On the TV series ” Younger ,” Sutton Foster ’s character, Liza, poses as a millennial when she tries to reenter the publishing industry as a 40-something mom. But Liza’s secret almost gets outed in Season 1 because of her hands. “Be careful with your hands, sweetie.
They’re a dead giveaway,” a tipsy author played by Jane Krakowski tells Liza. Her drunken musings might be right. “It’s thin skin, so it gets worked,” Seattle-based dermatologist Dr.
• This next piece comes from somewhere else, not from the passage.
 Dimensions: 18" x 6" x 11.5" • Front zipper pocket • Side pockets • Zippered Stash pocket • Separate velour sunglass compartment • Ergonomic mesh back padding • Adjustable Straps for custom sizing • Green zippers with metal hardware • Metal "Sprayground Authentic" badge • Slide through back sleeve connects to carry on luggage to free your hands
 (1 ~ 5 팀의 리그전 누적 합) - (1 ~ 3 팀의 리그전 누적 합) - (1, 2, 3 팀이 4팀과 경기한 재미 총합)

Heather Rogers told HuffPost. “A little bit of skin elasticity is a good thing for your hands, but then that means they have a little bit of excess wrinkles. The thin skin makes it so it’s more likely to be crepey in appearance.
” And it turns out that some skin types show aging more than others. “If you are a pale Caucasian woman, you’re going to have crepey, wrinkly hands ,” Rogers said. “That’s just a group that has thinner skin.
Oftentimes, Mediterranean skin, they are more apt to have brown spots. If you have pigment, you’re good at making pigment. And then darker skin ages much, much less quickly, but it can be dry, ashy [and have] dermatitis.
” Dr. Angela Lamb , a dermatologist and the director of the Westside Mount Sinai Dermatology Faculty Practice in New York, noted that anyone with collagen disorders like Ehlers-Danlos syndrome may be more prone to aging on the hands, as well as anyone taking blood thinners. “If you’re on blood thinners and your skin tends to bruise easily, and if y.